2019/09/22 10:53:08 - BOOST WARNING: Stale Poller Data Found! Item Time:'1569171061', RRD Time:'1569171062' Ignoring Value!
2019/09/22 10:53:08 - BOOST WARNING: Stale Poller Data Found! Item Time:'1569171061', RRD Time:'1569171062' Ignoring Value!
2019/09/22 10:53:08 - BOOST WARNING: Stale Poller Data Found! Item Time:'1569171061', RRD Time:'1569171062' Ignoring Value!

I may just need to flush some tables. I'll keep monitoring, but this is a huge improvement. thank you! I'm going to likely drop off the radar until tomorrow.

eschoeller commented 4 years ago

I'm actually getting a lot of those Stale Poller Data messages. I don't think flushing the output tables would help. I can say that after every poller run the poller_output table still has data in it. I can't easily cross-reference the output in the table to the Stale Poller data messages. I think that log line should include the device ID and the data source ID for better troubleshooting.

cigamit commented 4 years ago

Thanks for the feedback. What RRDtool version are you on? I'll fix that 'stale' data bit.
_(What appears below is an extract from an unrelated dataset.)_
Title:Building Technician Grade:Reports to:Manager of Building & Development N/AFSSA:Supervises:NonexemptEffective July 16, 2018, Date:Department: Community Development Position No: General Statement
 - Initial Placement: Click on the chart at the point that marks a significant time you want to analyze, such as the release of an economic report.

It's not an issue past RRDtool 1.5 as we ignore it.

eschoeller commented 4 years ago

I'm on rrdtool 1.7.0. I was thinking about upgrading soon. Does the message indicate data loss?
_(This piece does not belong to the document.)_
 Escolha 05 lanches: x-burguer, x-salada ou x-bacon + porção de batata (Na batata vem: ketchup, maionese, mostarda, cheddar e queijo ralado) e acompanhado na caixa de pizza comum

cigamit commented 4 years ago

No, there is no data loss. Just an old message that can be ignored now. I'll have it fixed shortly.

cigamit commented 4 years ago

Taking that back. Update lib/boost.php and poller_boost.php with the latest updates.

cigamit commented 4 years ago

Boost should be plenty fast now. Especially for large boost tables.

eschoeller commented 4 years ago

Applied. I'll let you know. My plans for today keep getting shifted back. But at some point I am certainly stepping away from the computer ;)

eschoeller commented 4 years ago

Dang, it's taking forever to run again. I might have grabbed the wrong files. Yep. I got the files from the develop branch. Woops. Fixing ..

eschoeller commented 4 years ago

OK, it's back to 30 second runtime. Stale messages appear to be gone as well.